Jose Aldo po raz kolejny zabrał głos w sprawie unieważnienia kontaktu z UFC, co obecnie stało się jego celem numer jeden. Brazylijczyk w rozmowie z Combate wykluczył, iż jego decyzja jest podyktowana emocjami.

Jestem bardzo spokojny. Mówiłem od bardzo dawna, gdy zaczynałem w tym sporcie, że chcę skończyć karierę w wieku 30 lat i zająć się innymi rzeczami. Nigdy nie walczyłem dla pieniędzy, zawsze chodziło o wspaniałą podróż i pozostawienie dziedzictwa w dywizji jako jedyny mistrz. Chciałem przejść na emeryturę jako mistrz, ale tak się nie stało. Oczywiście jestem teraz tymczasowym mistrzem, jestem na szczycie, ale, bądźmy poważni, mam już dość.

Brazylijczyk przypomniał, że w przeszłości chciał stoczyć super-walkę z Anthonym Pettisem i oba obozy wyraziły na to gotowość, ale Dana White stwierdził, że Aldo w takim razie musi zwakować swój pas. Opowiedział też, że po pierwszej walce z Conorem McGregorem zapewniano go, że otrzyma natychmiastowy rewanż. Później stawką pojedynku z Frankiem Edgarem miała być walka o właściwy pas mistrzowski – albo z Irlandczykiem, albo z kimkolwiek innym, jeśli ten nie zdecydowałby się wrócić. I faktycznie – nie wrócił, bo teraz stanie do boju o złoto kategorii lekkiej – ale pas dywizji do 145 funtów zatrzymał.

Po tym, jak Dana White wykluczył możliwość rozwiązania kontraktu z tymczasowym mistrzem z Brazylii, trener i menadżer Scarface’a Andre Pederneiras zapowiedział, że Aldo jest gotowy spotkać się z pracodawcą na sali sądowej, jednocześnie dodając, że jego podopieczny posiada szeroką – niewygodną dla UFC – wiedzę, którą może się podzielić z mediami. I wygląda na to, że właśnie w tym ostatnim kierunku zmierza 30-letni zawodnik.

Uważam, że moje życie i cała dywizja piórkowa muszą iść naprzód, a nie być unieruchomionymi, gdy on (McGregor) robi trzy walki w kategorii lekkiej. Innym starciem, jakie chciał zrobić, była super walka z Georgesem Saint-Pierrem, do której nie doszło, bo Georges chciał za nią 10 milionów dolarów, a Dana nie chciał tyle dać. Więc zestawili go z Natem po raz drugi. Dla mnie więc słowa Dany są bezwartościowe.

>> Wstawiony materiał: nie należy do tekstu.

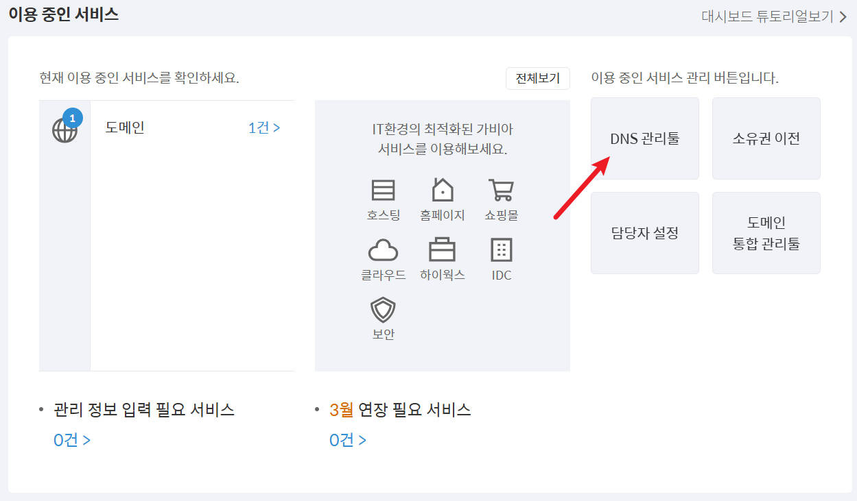 1. 도메인을 구매한 사이트(예: 가비아)에서 DNS 관리툴 페이지로 이동합니다.

To nie jest już kwestia walki. Oczekiwałem bronić właściwego pasa przeciwko Holloway’owi lub Pettisowi i to było słuszne. Gdyby do tego doszło, niech idzie walczyć z Eddiem Alvarezem, Tyronem Woodley’em czy kimkolwiek tam chce.

Słowa Dany są bezwartościowe, jednego dnia mówi jedno, drugiego co innego. Będzie uczciwe, jeśli po prostu mnie zwolnią i pozwolą zająć się swoim życiem. Nie chcę już nawet walczyć w MMA, chcę zrobić karierę w innym sporcie, o którym zawsze marzyłem.